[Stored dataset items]
═══

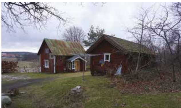
Den timrade boden vid Oppgården framför ett mindre bostadshus (Mulsta 2:7).
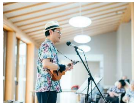
夏が来れば思い出す～♪
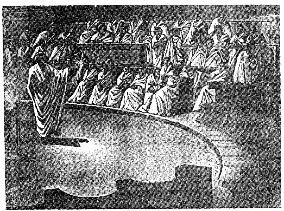
The Senate was the most ancient and respected organ of the government in Rome. Caesar filled it with his supporters, but it was in the Senate that he was assassinated in 44 B.C.
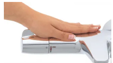
Der GROHE CoolTouch Thermostatkörper schützt sicher vor Verbrennungen.

Ob in Einrichtungen mit besonderen Anforderungen wie z.B. Krankenhäusern, Senioren- und Pflegeheimen oder unter der privaten Dusche: plötzlich auftretende Druckschwankungen können in einem Trinkwasser-Leitungssystem im schlimmsten Fall Verbrühungen verursachen. Die Thermostataratur Grohtherm Special sorgt dank GROHE TurboStat® Technologie immer für eine gleichbleibende Wassertemperatur und erfüllt höchste Anforderungen für eine sichere Benutzung.

═══

- **Work request**
What you should produce is an exact copy of the records, with the pictures left out.

- **Response to this exercise**
Den timrade boden vid Oppgården framför ett mindre bostadshus (Mulsta 2:7).
夏が来れば思い出す～♪
The Senate was the most ancient and respected organ of the government in Rome. Caesar filled it with his supporters, but it was in the Senate that he was assassinated in 44 B.C.
Der GROHE CoolTouch Thermostatkörper schützt sicher vor Verbrennungen.

Ob in Einrichtungen mit besonderen Anforderungen wie z.B. Krankenhäusern, Senioren- und Pflegeheimen oder unter der privaten Dusche: plötzlich auftretende Druckschwankungen können in einem Trinkwasser-Leitungssystem im schlimmsten Fall Verbrühungen verursachen. Die Thermostataratur Grohtherm Special sorgt dank GROHE TurboStat® Technologie immer für eine gleichbleibende Wassertemperatur und erfüllt höchste Anforderungen für eine sichere Benutzung.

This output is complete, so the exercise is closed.